Le notizie? Non interessano più

Sia Facta, con cui il CdT vanta una collaborazione, sia altri fact-checkers professionisti hanno notato, nel caso di Israele e Hamas, schemi pressoché simili a quelli utilizzati a suo tempo per la guerra in Ucraina. Disinformazione tanto al chilo, consentiteci l’espressione, tramite vecchi video spacciati per nuovi. Shayan Sardarizadeh, giornalista della BBC esperto di disinformazione, ha spiegato a Reuters che in questo momento stanno circolando perfino video rieditati affinché sembrino autentici reportage della televisione britannica.

Un tempo (quando si chiamava Twitter) ritenuto fonte affidabile per notizie in tempo reale, oggi X assomiglia a un social alla deriva.

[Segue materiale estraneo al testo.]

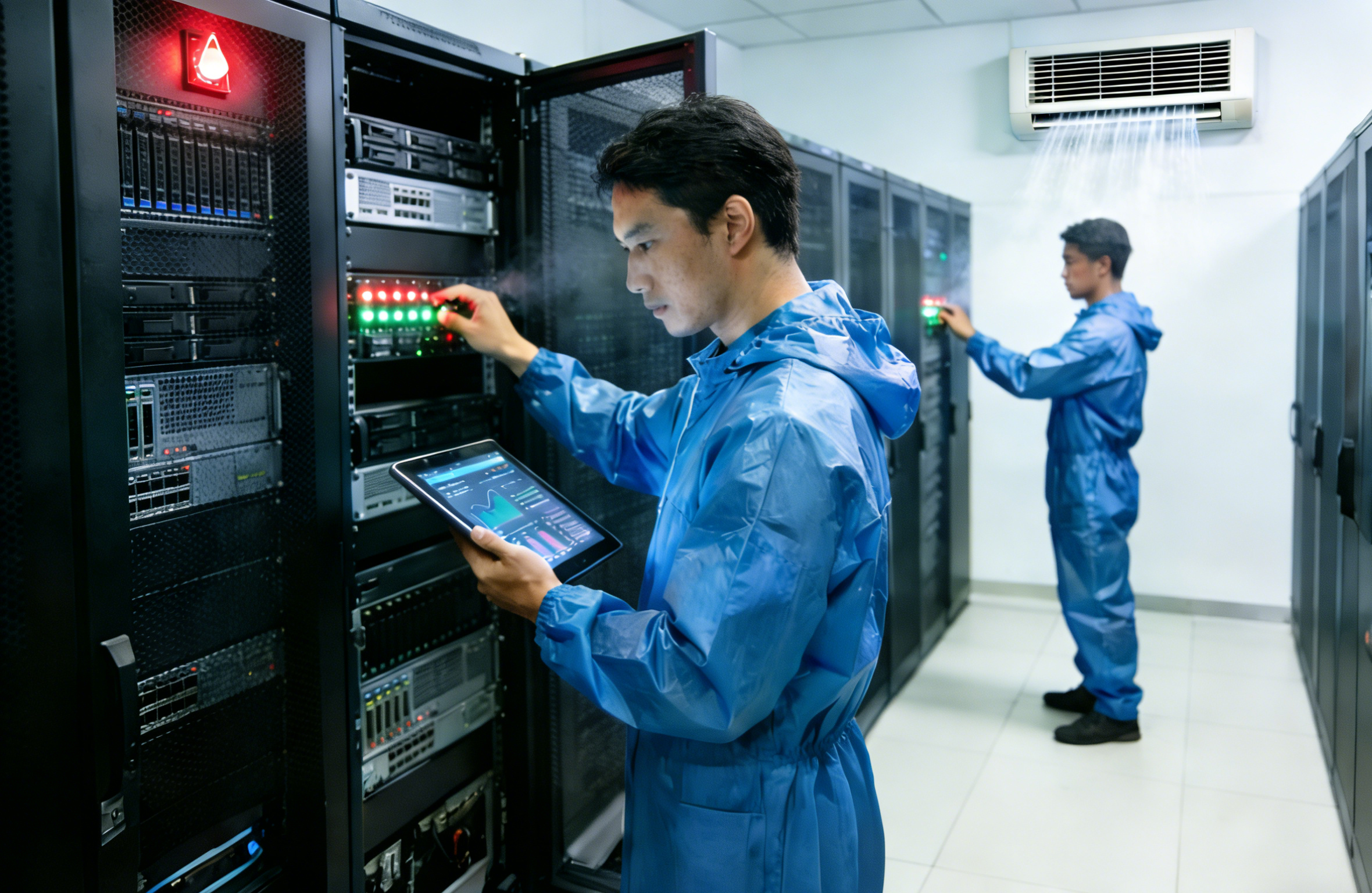 精密空調(diào)系統(tǒng):根據(jù)設(shè)備熱負(fù)荷,計算制冷量,部署精密空調(diào),確保溫濕度恒定在最佳范圍(溫度22-24℃,濕度40-55%)。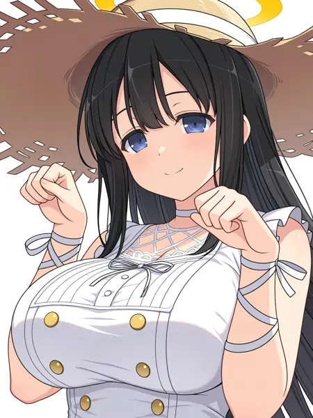 Trigger Words for her Estival outfit are "Ryouki_Estival, straw hat, white sundress, sleeveless, lace cleavage, golden buttons, wrist ribbon, shin ribbon, white shoes,". In this case, you should remove the "hair ornament" in the main prompt.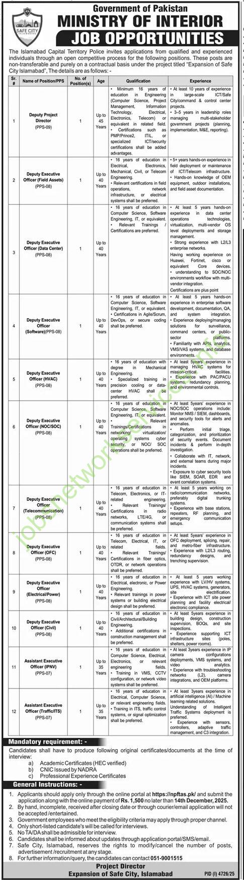 | 1. | Deputy Project Director (PPS-09) | 1 | Up to 55 Years | BE/B.Sc Engineering (Computer, Software, Electronics, Telecom, Electrical) or equivalent recognized by HEC/PEC. MS/M.Phil preferred. | At least 10 years in project management, design, and execution of large-scale ICT/Telecom projects. Experience with Safe City expansion is preferred. |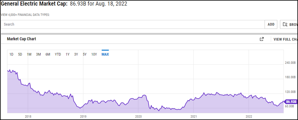 As of August 2022 General Electric has a market cap of $87.51 Billion. This makes General Electric the world's 148th most valuable company according to our data.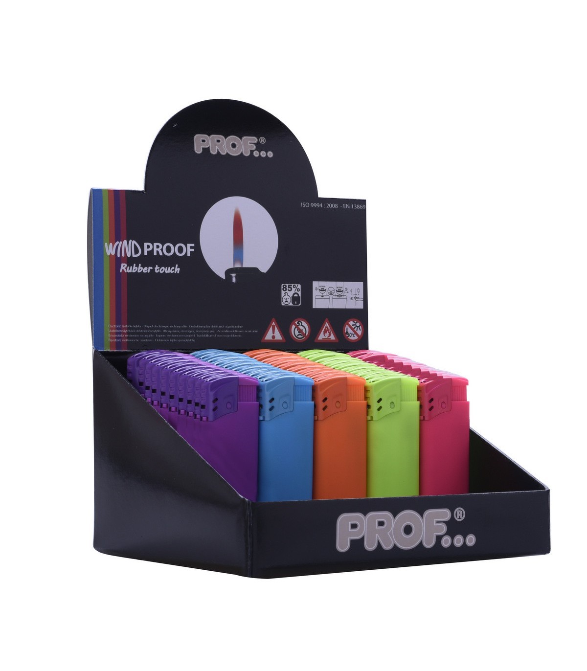 Accendino ELETTRONICO Prof Turbo Flamy color (FIAMMA COLORATA) conf. 50 pz. ASSORTITO CON 5 COLORI

Detto ciò, nessun rivale sembrerebbe intenzionato a raccogliere il testimone sul fronte giornalistico. Di sicuro, non Threads. A conferma che Meta, in realtà, si sta allontanando dal cosiddetto news business.

Il caso di Donald Trump Jr.

Rimanendo a X, la moderazione o, se preferite, la veridicità dei contenuti sono soggette alle cosiddette Note della collettività. Un sistema di fact-checking basato, in sostanza, sul volontariato degli utenti. Che si prestano a verificare quanto pubblicato dagli altri.

E qui, beh, riportiamo un episodio singolare se non addirittura paradossale di cui, fra gli altri, ha parlato Wired. Lo scorso 10 ottobre, Donald Trump Jr. ha postato su X un video che mostrava alcuni combattenti di Hamas uccidere senza pietà cittadini israeliani. Immagini legate alle azioni del 7 ottobre. «Non si negozia di fronte a questo – ha scritto Trump Jr. nel post –. C’è solo un modo per gestire la cosa». Il figlio dell’ex presidente statunitense, quindi, ha aggiunto che il video proveniva da una «fonte interna a Israele». Il post, ovviamente, è stato iper-condiviso. Tant’è che, presto, ha superato 4 milioni di visualizzazioni.

Tutto normale? Non proprio. Il sistema di fact-checking, infatti, ha aggiunto un messaggio al post. Spiegando che il video era vecchio e, ancora peggio, non proveniva da Israele. Tradotto: Trump Jr. ha contribuito all’ondata di disinformazione che ha investito X poco dopo l’attacco di Hamas. E che Musk, di suo, ha alimentato. E invece no, Wired ha accertato che il sistema, nello specifico, si è sbagliato. Il video pubblicato da Trump Jr., secondo un’analisi OSINT, è stato girato il 7 ottobre e mostrava esattamente dei combattenti di Hamas.

Ma l'UE non ci sta

Il pessimo comportamento delle piattaforme, evidentemente, emerge con maggiore chiarezza se pensiamo che, questo, è il primo conflitto internazionale di rilievo dall’entrata in vigore delle nuove regole, all’interno dell’Unione Europea, sulla moderazione dei contenuti online per le grandi piattaforme. La stessa UE, non a caso, pochi giorni fa ha avvertito X, Meta ma anche TikTok. Il succo? Sulle vostre piattaforme vengono diffusi contenuti illegali e disinformazione, fate qualcosa altrimenti pioveranno sanzioni. Anche pesanti.